Thanks, Bryce. To help us reach as many people as we can on today's call, please limit yourself to one question. If you have an additional question, please re-queue and we'll do our best to come back to you later in the session.
And as a reminder, ladies and gentlemen, if you do have a question at this time, please press star 1-1 on your telephone. If your question has been answered and you'd like to remove yourself from the queue, simply press star 1-1 again. One moment for our first question. And our first question comes from the line of Toshihari from Goldman Sachs. Your question, please.
Hi, good afternoon. Thank you so much for taking the question. I know you guys aren't or haven't been giving specific WFE numbers, but at a high level, Gary and or Bryce, I was hoping you could provide a little bit of context on how you're thinking about the year. I know you gave a couple of comments, but by application, by geography, how is 2025 likely to shape up in your view? And more importantly, your outperformance -a-vis the market.

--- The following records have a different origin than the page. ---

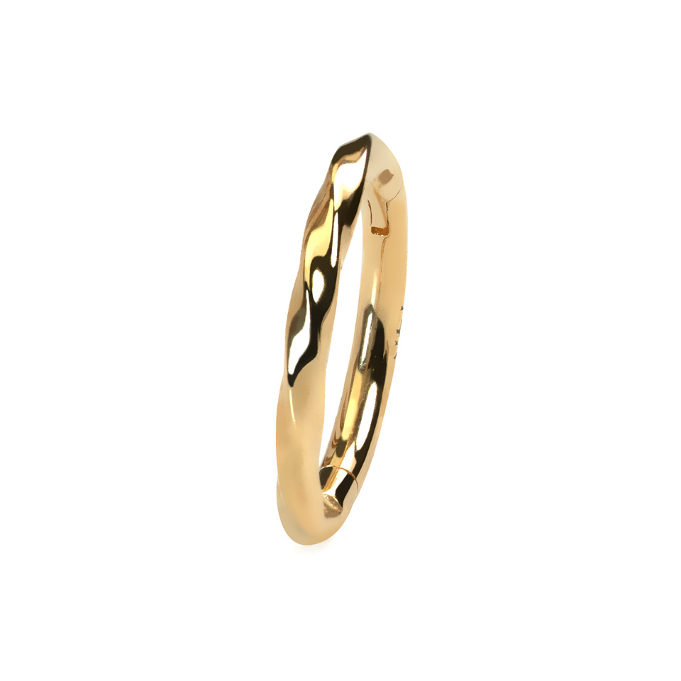 Denna vackra ring med gångjärn är tillverkad av 14k guld. Designen är en subtil twist som ger detta tidlösa smycke en intressant struktur. Perfekt för ett flertal olika öronpiercingar, som öronsnibben, helix, tragus, daith och rook. Ett tidlöst smycke som kan användas varje dag. Gångjärnslåset gör smycket enkelt att ta på och bekvämt att använda.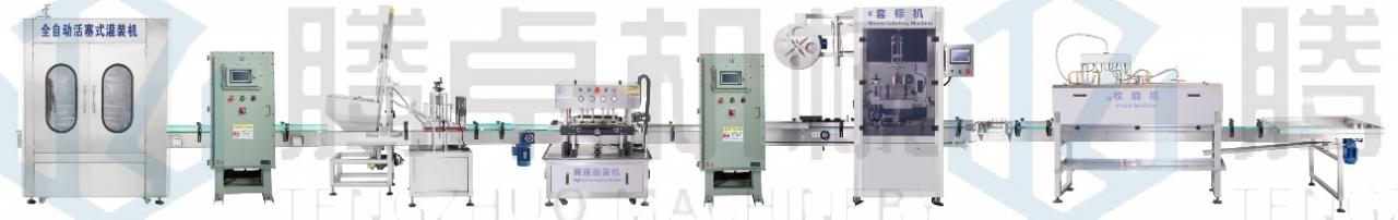 完成動作:人工放瓶-自動灌裝-機器放蓋-自動旋蓋–自動套標(biāo)收縮-人工收瓶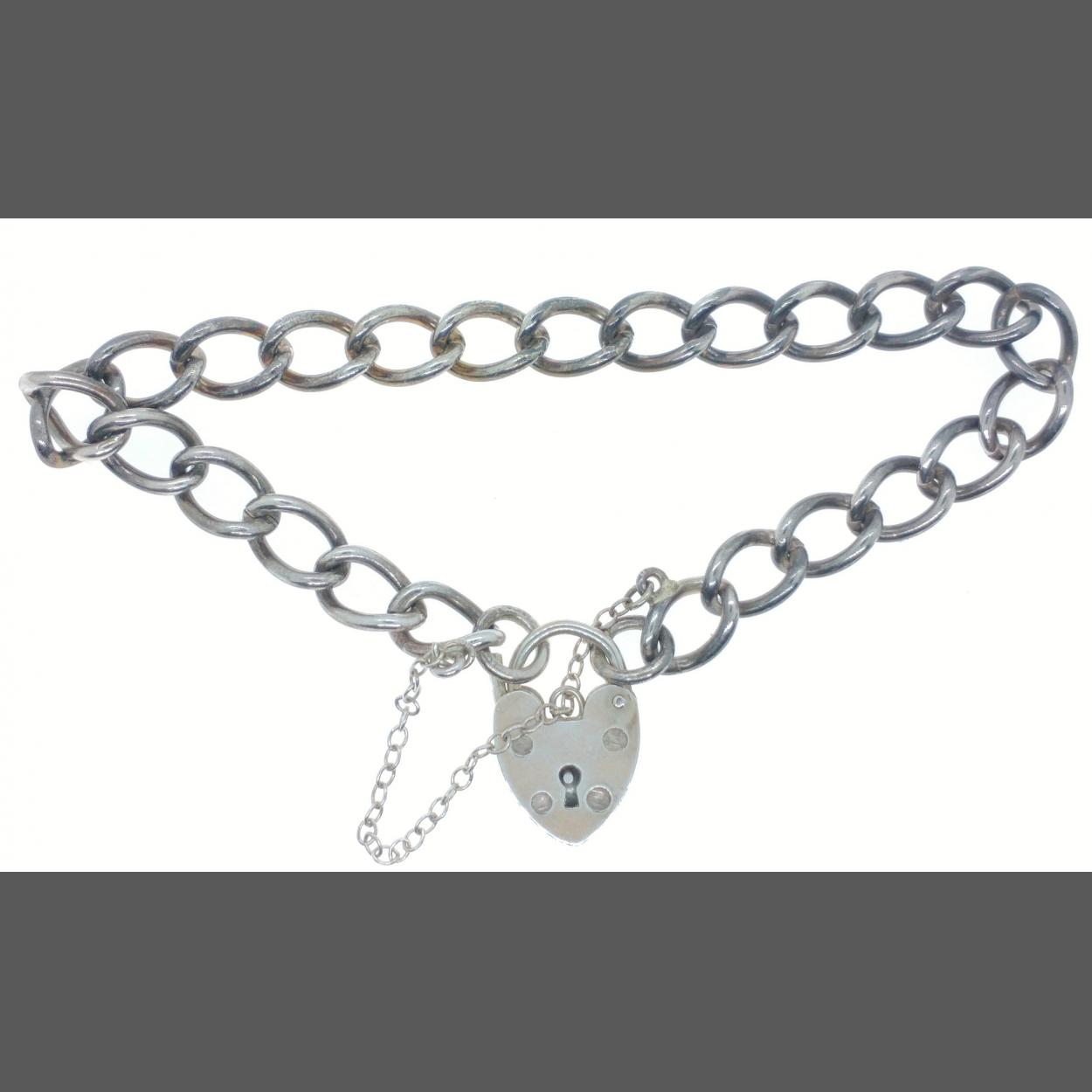 Birmingham hallmarked silver bracelet with heart shaped lock [20cm approx]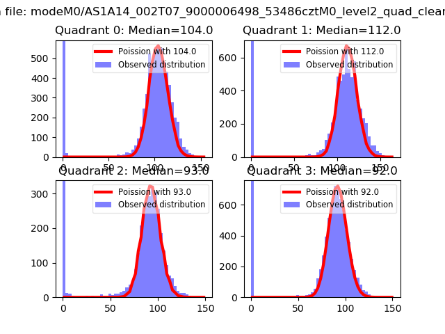 Red curve is a Poisson curve with rate = median count rate of data. |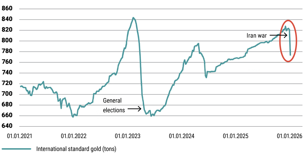 Now, however, a reversal appears to be underway because of the Iran war: central bank flows are weakening or partially reversing. It remains uncertain whether this shift will be short- or medium-term.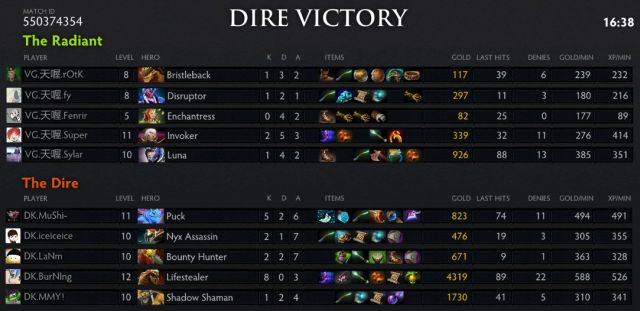 Yet another gank in the jungle resulted in a 3-1 trade off going DK's way, and with a 12,000 gold and experience deficit, Vici Gaming were forced to call the gg at 16:30.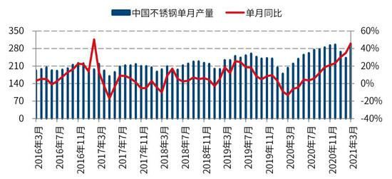 2021中国不锈钢产量仍维持高位。据SMM数据,2021年1-3月中国不锈钢产量806万吨,一季度累计同比增44%,预计4月份产量293万吨。展望5月份,海外疫情严峻导致的外贸订单转移的逻辑仍没有改变,同时国内正值消费旺季,预计国内不锈钢产量仍环比仍有一定程度的增长。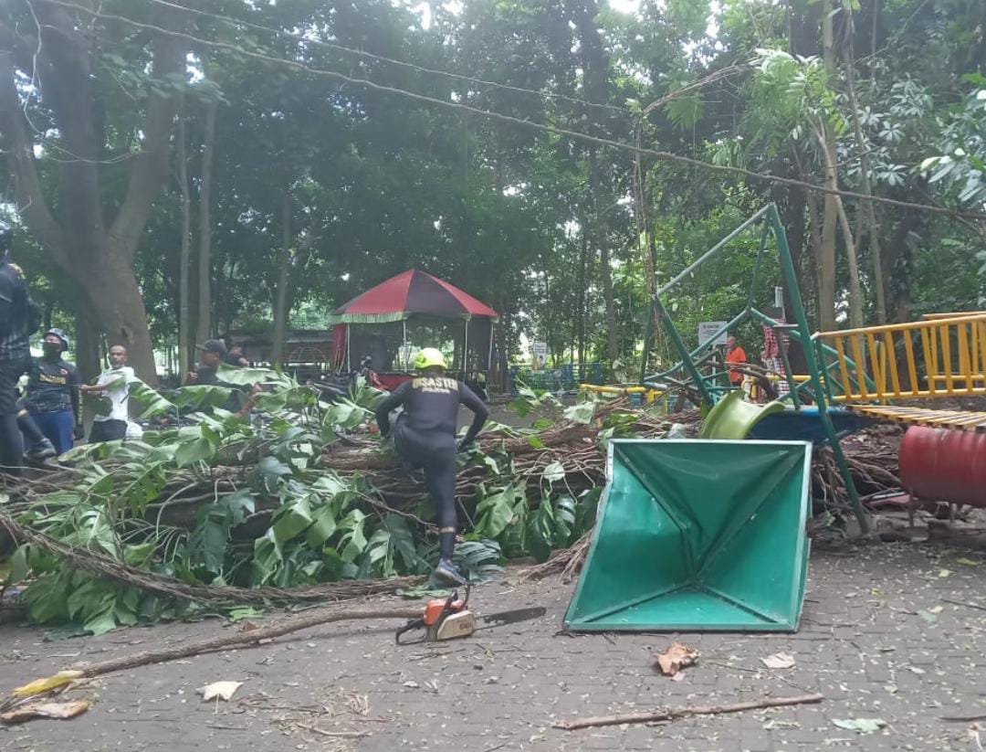 Pascakejadian, petugas dari BPBD Kota Kediri segera melakukan evakuasi dengan memotong bagian pohon yang menghalangi jalan dan menimpa atap warung.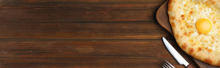 Delicious Adjarian khachapuri served on wooden table, flat lay. Banner design with space for text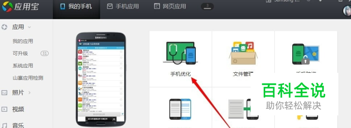2,下载后打开应用宝界面,如果手机已连接上,左侧会显示手机桌面。点击右侧的“手机优化”。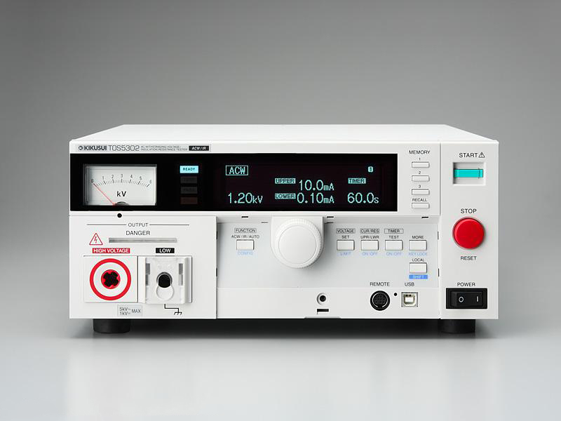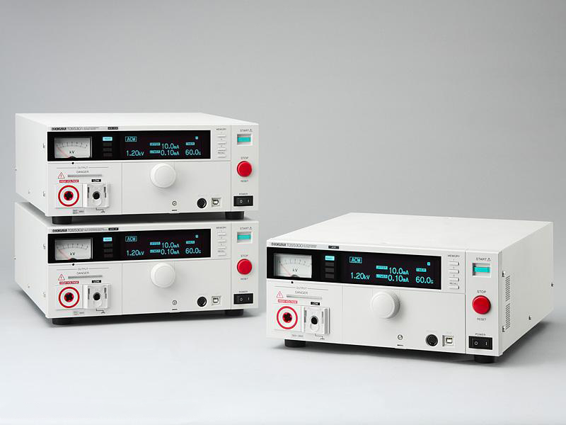 「TOS5300系列」是對(duì)電器產(chǎn)品必須進(jìn)行安全確保4項(xiàng)測(cè)試中的耐電壓測(cè)試,絕緣阻抗測(cè)試的測(cè)試儀器。輸出為5kV/100mA(AC),6kV/10mA(DC),基于在IEC,EN,UL,VDE,JIS等各國(guó)安全規(guī)定或電器產(chǎn)品安全法的要求之上,可對(duì)電子器械,電子部品進(jìn)行耐電壓/絕緣阻抗測(cè)試。還有,采用了最新研發(fā)的開(kāi)關(guān)放大器,使測(cè)試電壓的安定性更高。因?yàn)椴皇蹵C輸入端電壓和頻率變化的影響,可保持安定的輸出電壓,所以在電源環(huán)境不安定的區(qū)域也可進(jìn)行安定,安心的測(cè)試。 裝備有充實(shí)的對(duì)應(yīng)各式各樣用戶要求的機(jī)能。這是一款基于操作性·實(shí)用性·安全性·低價(jià)格為一體,性價(jià)比高的新機(jī)種。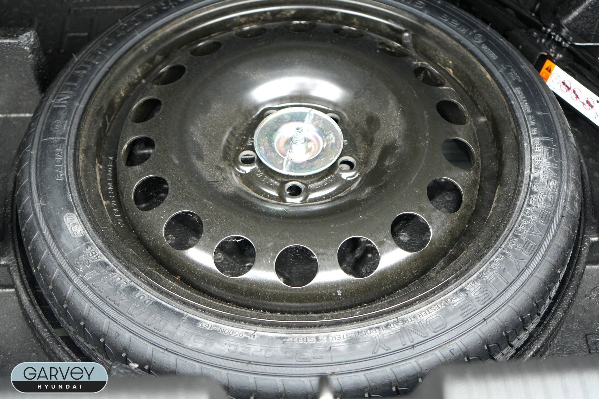 - Tire, T115/70R16, blackwall, compact spare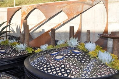 un article sur une de ses piscines. Pour ma part, j'aime bien cette composition de rondelles, d'agaves et de succulentes trouvée sur le
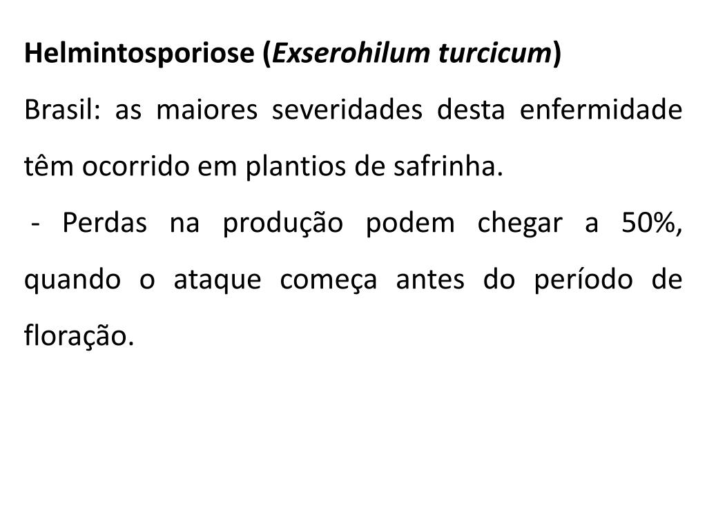 Helmintosporiose (Exserohilumturcicum) Brasil: as maiores severidades desta enfermidade têm ocorrido em plantios de safrinha. - Perdas na produção podem chegar a 50%, quando o ataque começa antes do período de floração.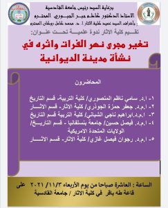 برعاية رئيس جامعة القادسية الاستاذ الدكتور كاظم جبر الجبوري المحترم واشراف السيد عميد كلية الآثار الاستاذ الدكتور محمد كامل روكان المحترم ستقيم كلية الاثار بالتعاون مع كلية التربية في جامعة القادسية وقسم التاريخ في جامعة بنسلفانيا الامريكية ندوة علمية بعنوان (تغير مجرى نهر الفرات واثره في نشأة مدينة الديوانية ) في تمام الساعة العاشرة صباحا من يوم الاربعاء المصادف 3/11/2021 على قاعة طه باقر في كلية الاثار- جامعة القادسية…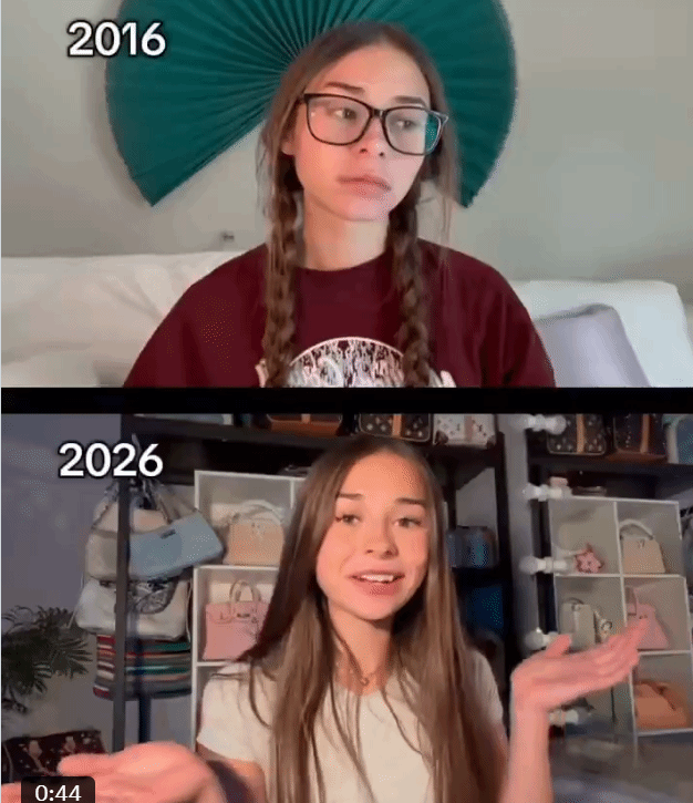 对此,现在的Rain解释道:“嗯,你高中时开始在一家餐厅打工,然后不知怎么就在网上出名了。”年轻版问她是不是美妆博主。“有点像。人们确实喜欢你的长相和性格,”Rain向年轻的自己解释道。“那我就是卡戴珊了,”年轻版回答。
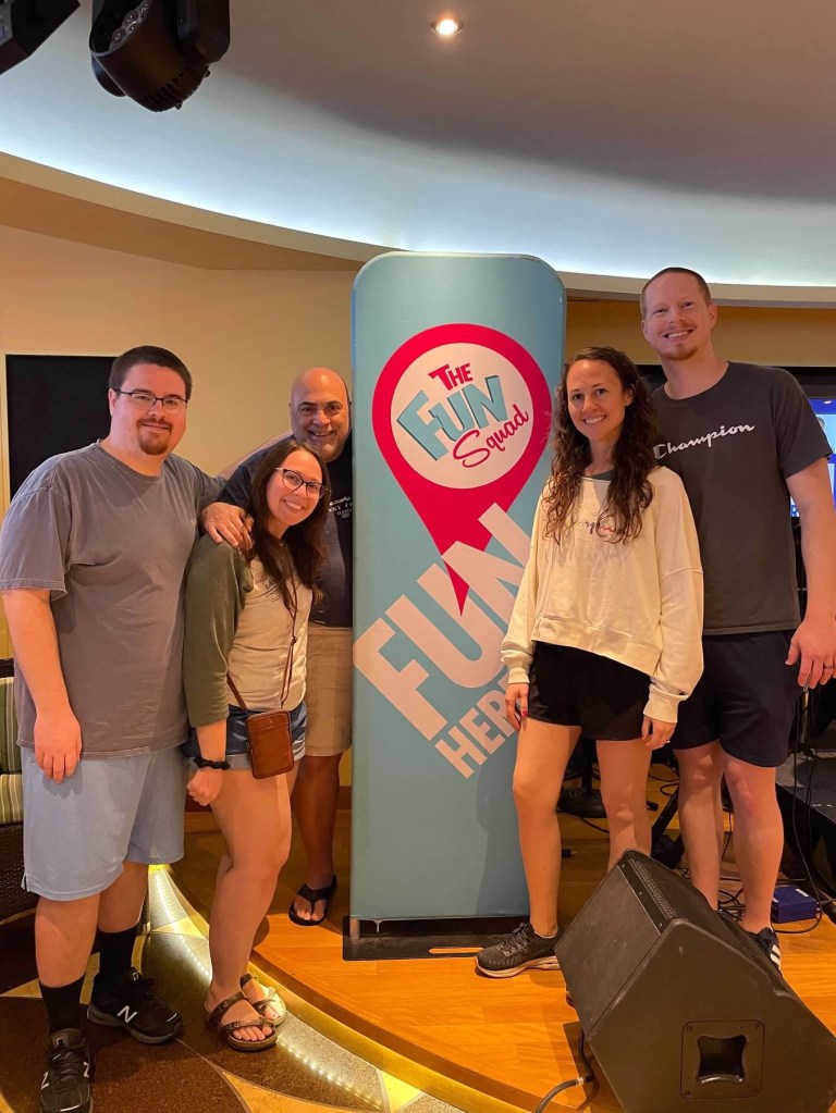 I actually took all of my kids too (can’t forget them!) so it was a very cool family get together. We took the Carnival Sunshine ship out of Charleston which was easy to drive to (except for Jen!) and a fun ship with lots of cool features. Yes, we were frequent takers of Guy Fieri’s burgers!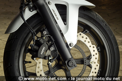 Désormais, les utilisateurs de NC750X (idem pour les NC750S ou Integra) gèrent seuls la répartition du freinage. Moto-Net.Com observe malheureusement que le frein avant perd dans l'opération un peu de sa puissance. Chargée à bloc, la 750 sera cette fois un peu plus juste que la 700 sur ce point.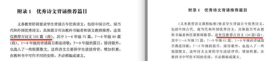 优秀诗文背诵推荐篇目基本一致,2022年还删掉了一篇原本在9年级的推荐篇《河中石兽》。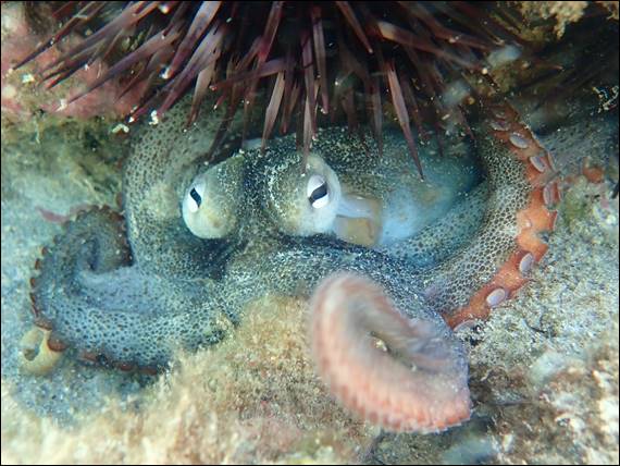 This time we were not intending to be in deep water, but the term deep is relative depending on where your comfort zone is. Lisa had already said she probably won’t go as far out as I would, which was fine. Almost immediately we saw fish clear as daylight, in the much shallow waters than I had been that morning. When I spotted a Western Rock Octopus (Octopus djinda) it provided a great opportunity for Lisa to have a bash at duck diving, so she could get a closer look. And just like the one I found last week this one also surprised me when it reached out: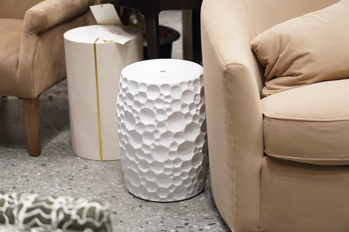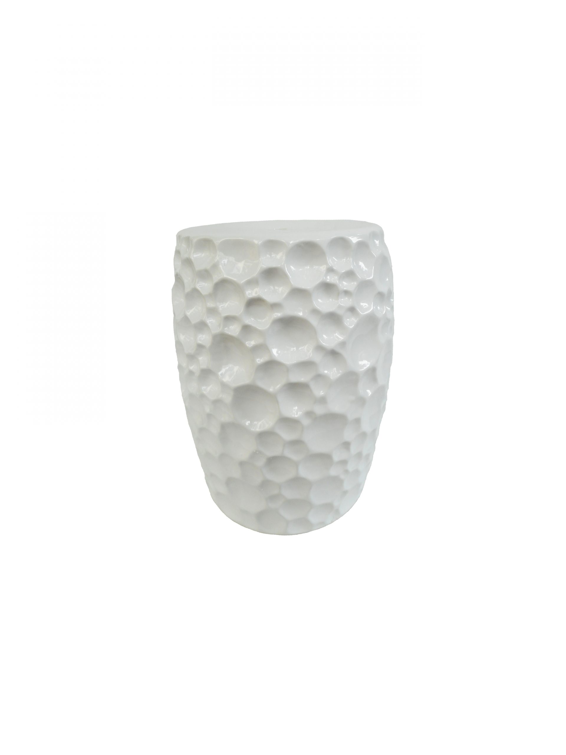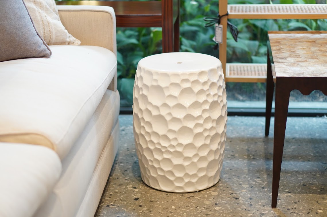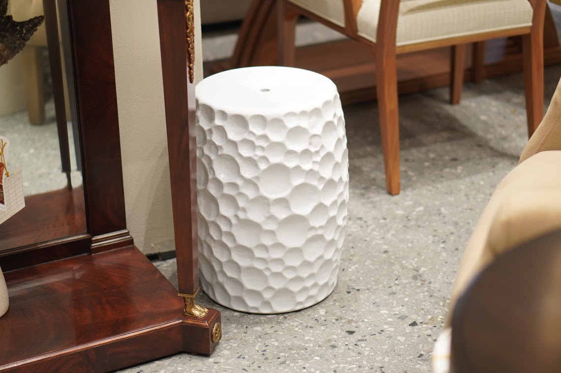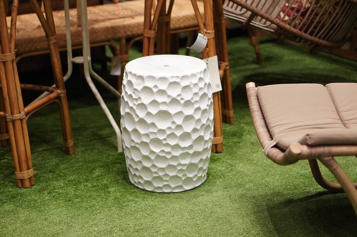 • White dotty ceramic garden stool

What are some of the key drivers we should be focused on? And if you can speak to the magnitude of outperformance relative to what you achieved in 2024, that would be really helpful. Thank you.
OK. Thanks, Toshihari. Nice to hear from you. So first, we'd say that our Q2 guide gives a really good indication of how we think the market is evolving. So leading edge with all the strength that you see in AI and pulling DRAM, advanced logic, and HBM, that factors into what we see in the market today. So leading edge is growing. We've been thinking it will be accelerating through the course of the year, and we do see that growing strongly in Q2. And we highlighted that we've also been watching the high caps market after the significant build out the last couple of years in China, and that is lower in Q2. So those things offset, but you see on total that we still have consistent year over year growth in the overall market. So that's the big change from a market perspective. If you look at the memory side, our memory is roughly flat quarter over quarter. We do see some additions on the NAND side, and that's offset by a slight reduction in DRAM. NAND's growing, but of course, that's from a smaller level. The last thing I would share is when you think about advanced packaging, we had a significant amount of capacity adds last year in the HBM side for the initial burst of capacity. And we're still selling into HBM, still adding equipment into that market, but it's at a slower rate. So that's part of the outlook also. So the key thing there is we've all been waiting to see if advanced logic would ramp strongly enough to offset any slower rate of investment in high caps, and that is what we're seeing in Q2. And that's our best. What we try to do is share what we're seeing today, and we think that's our best indication and how you can think about the year at this point.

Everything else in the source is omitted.